Kerr Lake /kɑr/ (officially John H. Kerr Reservoir, also known as Bugg's Island Lake[1]) is a reservoir along the border of the U.S. states of North Carolina and Virginia. It is impounded by the John H. Kerr Dam, constructed between 1947 and 1952 to produce electricity and to provide flood control. Kerr Lake is owned by the US Army Corps of Engineers, and is the largest reservoir in Virginia. It is located in parts of Vance, Granville, and Warren counties in North Carolina, and Mecklenburg, Charlotte, and Halifax counties in Virginia. At its maximum capacity, it is one of the largest reservoirs in the Southeastern United States, covering approximately 50,000 acres (200 km2) and bordered by over 850 miles (1,370 km) of shoreline. The lake is named for Congressman John H. Kerr of North Carolina, who supported the original creation of the lake.

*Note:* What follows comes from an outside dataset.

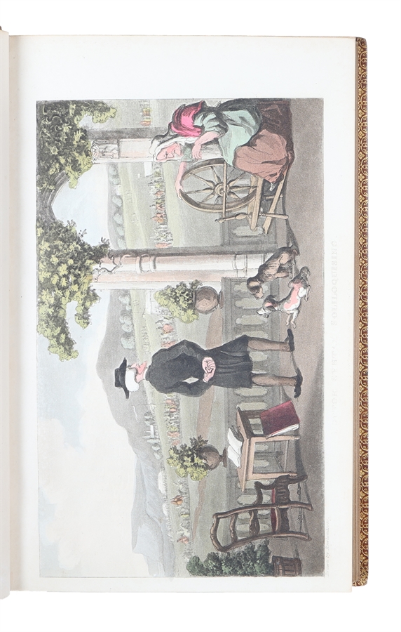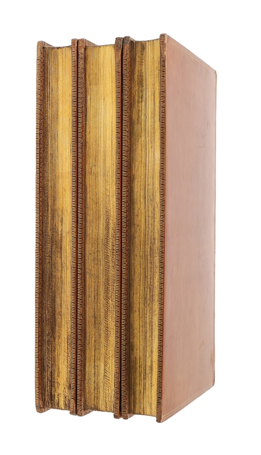 8vo. Bound in 3 fine uniform polished full calf. 5 raised bands. Richly gilt compartments, titlelabels in red and green. All edges gilt, gilt line-borders on covers, inner gilt borders (Bound by Riviere & Sons). 2 hinges slightly weakening, but not loose. Very slight wear to top of spines. Internally fine and clean with occassinally very faint offsettings from plates. With all 3 leaves of directions to Binder. With all 78 handcoloured aquatint plates (including 3 frontispieces), 2 handcoloured titles. Last "cul-de-lampe" also handcoloured. In the text woodengravings.

The lake is an impoundment of the Roanoke River (also called the Staunton River in Virginia). The Dan River and several smaller creeks also feed the lake. The lake is upstream of Lake Gaston. Just downstream from the John H. Kerr Dam, and visible from the viewing platform below the dam at Tailrace Park, lies Buggs Island, named for Samuel Bugg, an early settler. North Carolinians know this body of water as Kerr Lake, while Virginians know it as Buggs Island Lake or Buggs Island Reservoir.[citation needed]

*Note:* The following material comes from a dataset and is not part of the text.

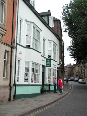 | この白い建物の裏側にある3階建ての建物に,Warhammer Online社とClimax Nottigham社の共同オフィスがある。この向かいには古い教会があって,観光客で賑わっていた |

The large lake is widely popular with both North Carolinians and Virginians for fishing and recreational purposes. For fishing, the lake has an abundance of large-mouth bass, striped bass (the only certified lake in Virginia to have a naturally reproducing population), crappie, catfish and bluegill. Camping is also a popular activity, with many campsites (run by the Army Corps of Engineers, North Carolina State Parks and Virginia State Parks) lining the shore including Kimball Point, North Bend Park, County Line, Hibernia, and others. Campsites for both tents and RVs are available. Jet-skiing and water-tubing occur often on the lake. Recreational motor boating and sailing also occur on the lake, with three privately operated marinas available: Steele Creek and Satterwhite Point in North Carolina, and Clarksville in Virginia. These marinas have rental slips for sail and motor boats, with additional amenities including fuel docks, marina stores, and some organized yacht clubs. The Carolina Sailing Club stages monthly regattas for several one-design sailing classes from April through October.